Liquiditätshilfen etwa durch Kredite der KfW halten die Ökonomen für sinnvoll, aber möglicherweise nicht ausreichend. „Wenn es nicht gelingen sollte, die Ausbreitung der wirtschaftlichen Schockwellen einzudämmen, so dass es in größerem Stil zu Unternehmensinsolvenzen käme, wäre als letzte Möglichkeit dran zu denken, dass sich der Staat mit Eigenkapital an Unternehmen beteiligt.“ Dies wäre analog zur Rettung von Banken in der Krise 2008/09. Im Vergleich zum Bankensystem gebe es in der Realwirtschaft jedoch eine weitaus größere Anzahl von kleinen und mittleren Unternehmen, so dass die Umsetzung mit einem enormen Verwaltungsaufwand verbunden wäre.

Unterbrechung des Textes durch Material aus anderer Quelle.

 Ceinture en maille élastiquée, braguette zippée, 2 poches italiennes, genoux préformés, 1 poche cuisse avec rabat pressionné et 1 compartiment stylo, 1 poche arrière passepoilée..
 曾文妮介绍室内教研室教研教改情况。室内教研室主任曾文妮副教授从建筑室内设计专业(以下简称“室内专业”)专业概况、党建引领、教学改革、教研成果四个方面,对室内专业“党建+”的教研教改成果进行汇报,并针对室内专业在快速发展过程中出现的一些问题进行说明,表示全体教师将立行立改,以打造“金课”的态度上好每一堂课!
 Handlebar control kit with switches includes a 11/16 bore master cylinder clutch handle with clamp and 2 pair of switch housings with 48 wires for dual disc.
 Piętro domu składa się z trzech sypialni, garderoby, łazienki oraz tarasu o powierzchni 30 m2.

Wichtig sei bei allen Maßnahmen, dass diese „timely, targeted and temporary“ sein sollten, also schnell greifen müssen, zielgenau und vorübergehender Natur sein. Dabei habe der deutsche Staat für die vorgeschlagenen Maßnahmen ausreichend fiskalischen Spielraum. So verfüge „die deutsche Finanzpolitik, nicht zuletzt wegen der im internationalen Vergleich niedrigen Schuldenstandquote, über große Potentiale zur Stabilisierung der Wirtschaft“. Weder Schuldenbremse noch europäische Fiskalregeln stünden dem im Wege. „Die Schuldenbremse weist explizit eine Ausnahme für Krisensituationen auf“, heißt es. Gleiches gelte für den Stabilitäts- und Wachstumspakt.

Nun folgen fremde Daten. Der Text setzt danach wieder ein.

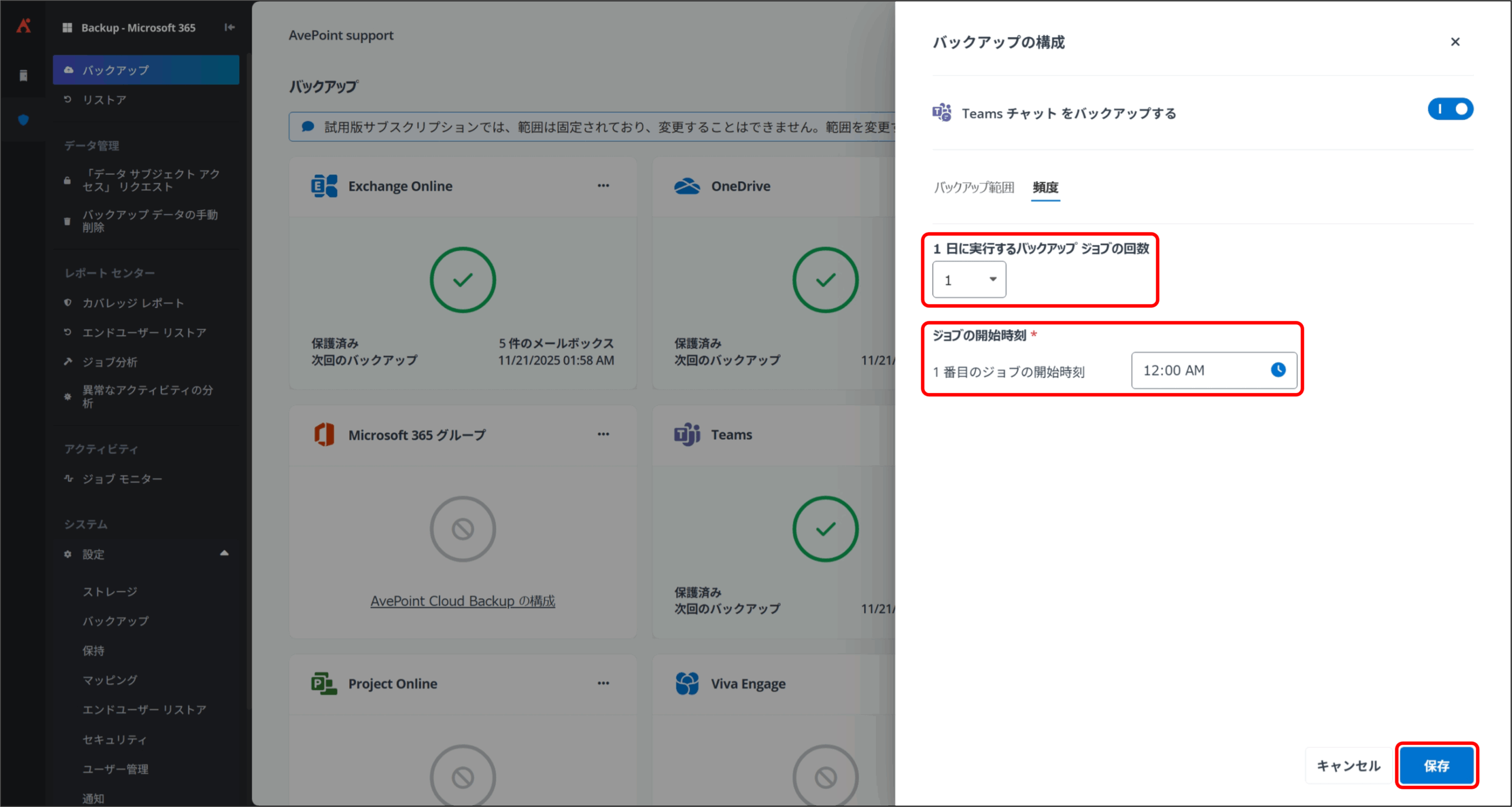 Teams チャットバックアップを取りたいユーザーと、ジョブ実行時刻を設定します。

Da der Corona-Schock längst ein globaler Schock geworden sei, sei bei all diesen Maßnahmen auch eine Koordination auf europäischer und globaler Ebene notwendig, heißt es in dem Papier. „Die wesentliche Schwierigkeit ergibt sich daraus, dass das Corona-Virus sowohl einen Angebotsschock als auch einen Nachfrageschock auslöst.“ Der massive Einbruch an den Börsen könne weitere Erschütterungen auslösen und die Abwärtsdynamik in der Realwirtschaft verstärken, fügen die Ökonomen an.